Global Variations in Postnatal Management of Hemolytic Disease of the Fetus and Newborn - EMJ

Global Variations in Postnatal Management of Haemolytic Disease of the Foetus and Newborn

A RECENT international cohort study has revealed significant variations in the postnatal management and outcomes of haemolytic disease of the foetus and newborn (HDFN) across 31 expert centres in 22 countries. The study, which included data from 1,855 neonates managed between 2006 and 2021, found wide discrepancies in the frequency of exchange transfusions and the use of intravenous immunoglobulins (IVIg), two common treatments for HDFN.

Exchange transfusion, a procedure to replace a baby’s blood with healthy blood, was performed in 23.5% of cases, but the frequency varied dramatically among centres, ranging from 0% to 78%. Similarly, 24.6% of neonates received IVIg, but this figure ranged from 0% to 100% depending on the centre.

The study also identified a potential link between gestational age at birth and reduced frequency of exchange transfusions. Babies born after 37 weeks had fewer transfusions, with the likelihood of adverse outcomes decreasing by 43.3% for each additional week of gestational age. Neonates who received an exchange transfusion were more likely to experience unfavourable outcomes.

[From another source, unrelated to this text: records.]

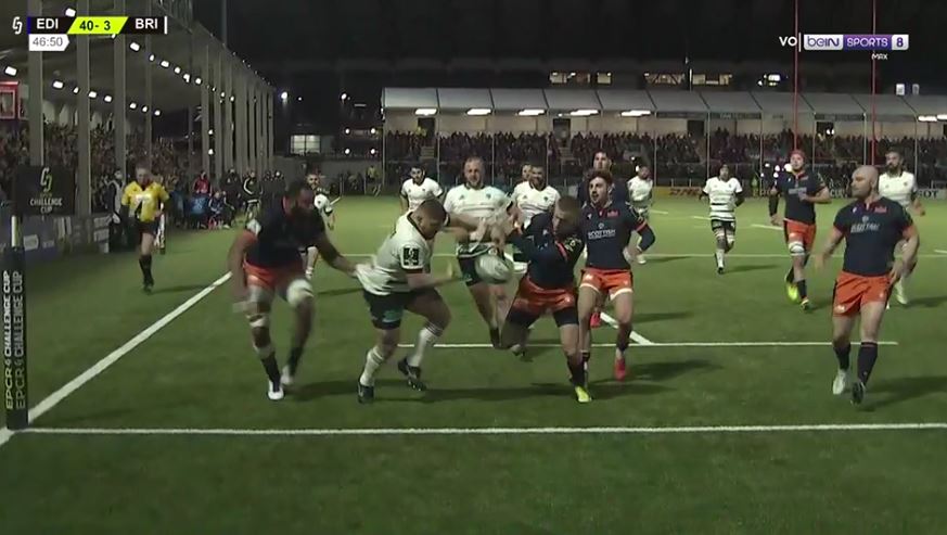 Pas le temps de souffler que le festival reprend. Edimbourg n'est pas rassasié et le démontre. Kinghorn met de la vitesse dans le jeu écossais. L'ouvreur trouve Kunavula qui sert au contact Owsley. L'ailier fait parler à nouveau sa vitesse et s'en va aplatir en coin pour son doublé (40-3, 42'). Brive est à la peine et fait peine à voir. Désormais, on attend seulement une réaction d'orgueil. Le CAB obtient une pénaltouche sur les 22 écossais. Si le ballon est volé, il n'est pas contrôlé par la suite. Vano Karkadze le récupère et s'en va marquer son essai. Sauf qu'il échappe le ballon au contact du dernier défenseur à seulement quelques centimètres de la ligne (47').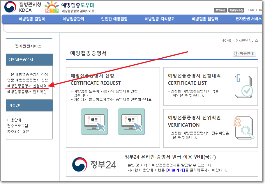 다시 이화면이 나오게되는데요. 여기서 화살표친 "예방접종증명서 신청내역"을 누릅니다.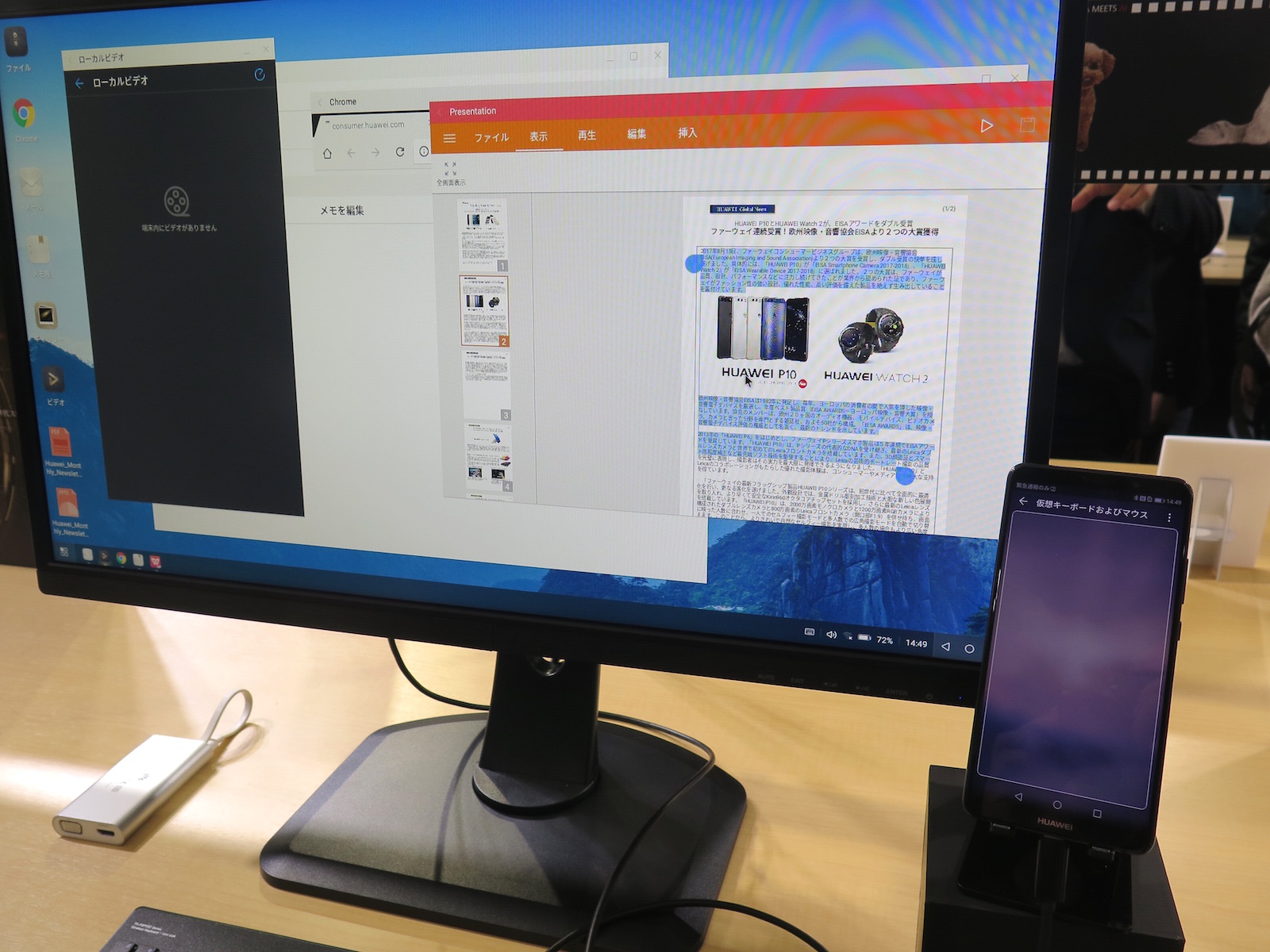 ▲USB Type-CとHDMIをつなげるケーブルを使えばPCモードの利用も可能

The findings suggest that the timing of delivery and postnatal interventions, such as exchange transfusions, could be optimised. The study calls for international guidelines to address the significant practice variations and improve HDFN care worldwide. These results provide a crucial foundation for building consensus and enhancing global healthcare standards for managing this condition.

Helena Bradbury, EMJ

Reference

Winter DP et al. Variations and opportunities in postnatal management of hemolytic disease of the fetus and newborn. 2025;8(1):e2454330.